YOUR ASSIGNMENT:
Verbatim output of the lines below is required, with the images omitted.

DATASET EXTRACT:
# # # # #

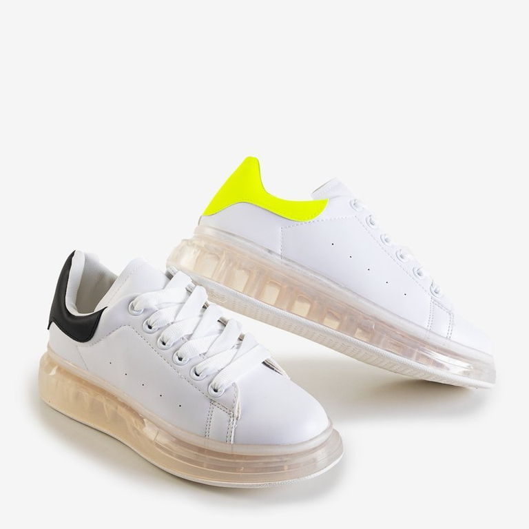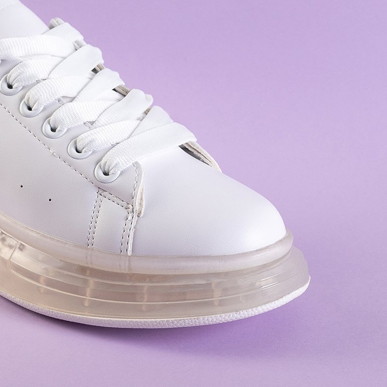 - Стильні кросівки з екологічної шкіри білого кольору. Модель на шнурівці, оздоблена кольоровою вставкою. Прозора підошва з гумового матеріалу надає унікальність.
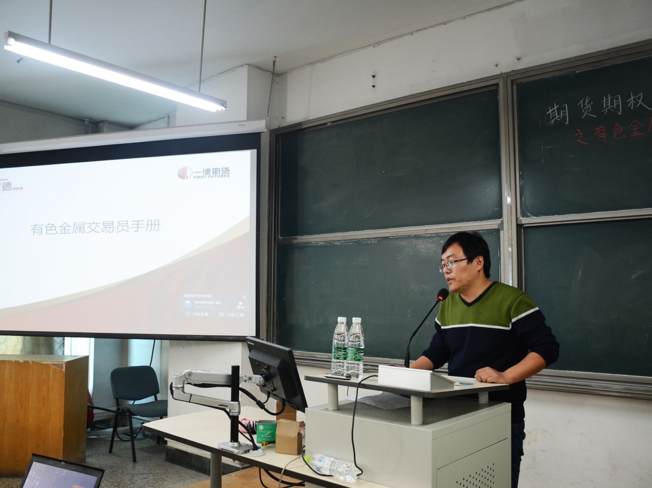 金融皇冠体育网址新闻宣传中心讯(记者:赵婧雯 摄影:王思默)为迎接中国期货市场快速发展的历史机遇,普及金融衍生品知识,培育期货期权等衍生品领域的创新型应用型人才,皇冠体育网址 金融皇冠体育网址与一德期货联合举办“期货期权实务与交易策略系列论坛”系列讲座。2016年11月24日下午13:00,本次论坛的第二讲由一德期货有色金属分析师吴玉新就“有色金属产业操作实务”专题展开讲授。
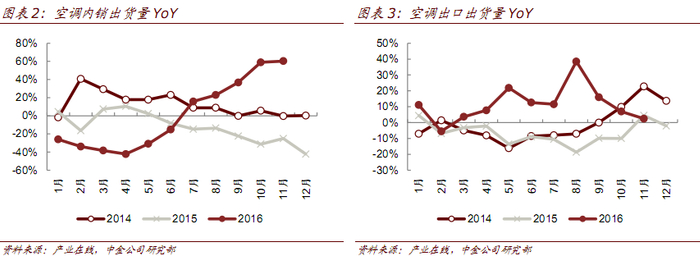 受益于房地产回暖与夏季高温,2016年空调行业完成了探底回升,从去库存周期逐步进入补库存周期,行业竞争格局持续好转。据产业在线统计,2016年家用空调7-12月份连续6个月同比大幅增长,11月家用空调销售776.25万台,同比增长36.1%,其中内销同比增长60.3%,出口同比增长2.5%;12月同比增长43%,其中内销同比增长82%,出口同比增长6%。行业专家表示,空调行业补库存周期仍将持续 2-3个季度,竞争环境仍将保持较宽松的状态。
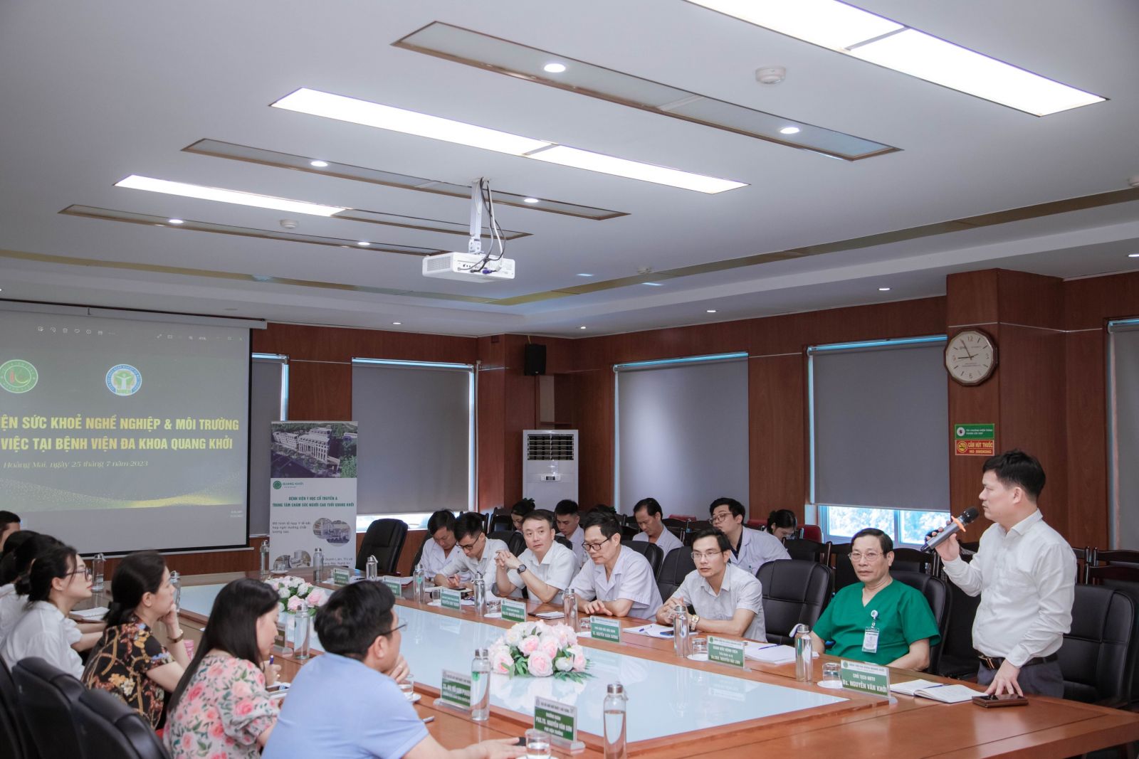 PGS.TS Nguyễn Minh Hiếu - Trưởng khoa Khám bệnh nghề nghiệp Bệnh viện Quang Khởi phát biểu tại buổi làm việc

# # # # #

RESPONSE BOX:
 - Стильні кросівки з екологічної шкіри білого кольору. Модель на шнурівці, оздоблена кольоровою вставкою. Прозора підошва з гумового матеріалу надає унікальність.
 金融皇冠体育网址新闻宣传中心讯(记者:赵婧雯 摄影:王思默)为迎接中国期货市场快速发展的历史机遇,普及金融衍生品知识,培育期货期权等衍生品领域的创新型应用型人才,皇冠体育网址 金融皇冠体育网址与一德期货联合举办“期货期权实务与交易策略系列论坛”系列讲座。2016年11月24日下午13:00,本次论坛的第二讲由一德期货有色金属分析师吴玉新就“有色金属产业操作实务”专题展开讲授。
 受益于房地产回暖与夏季高温,2016年空调行业完成了探底回升,从去库存周期逐步进入补库存周期,行业竞争格局持续好转。据产业在线统计,2016年家用空调7-12月份连续6个月同比大幅增长,11月家用空调销售776.25万台,同比增长36.1%,其中内销同比增长60.3%,出口同比增长2.5%;12月同比增长43%,其中内销同比增长82%,出口同比增长6%。行业专家表示,空调行业补库存周期仍将持续 2-3个季度,竞争环境仍将保持较宽松的状态。
 PGS.TS Nguyễn Minh Hiếu - Trưởng khoa Khám bệnh nghề nghiệp Bệnh viện Quang Khởi phát biểu tại buổi làm việc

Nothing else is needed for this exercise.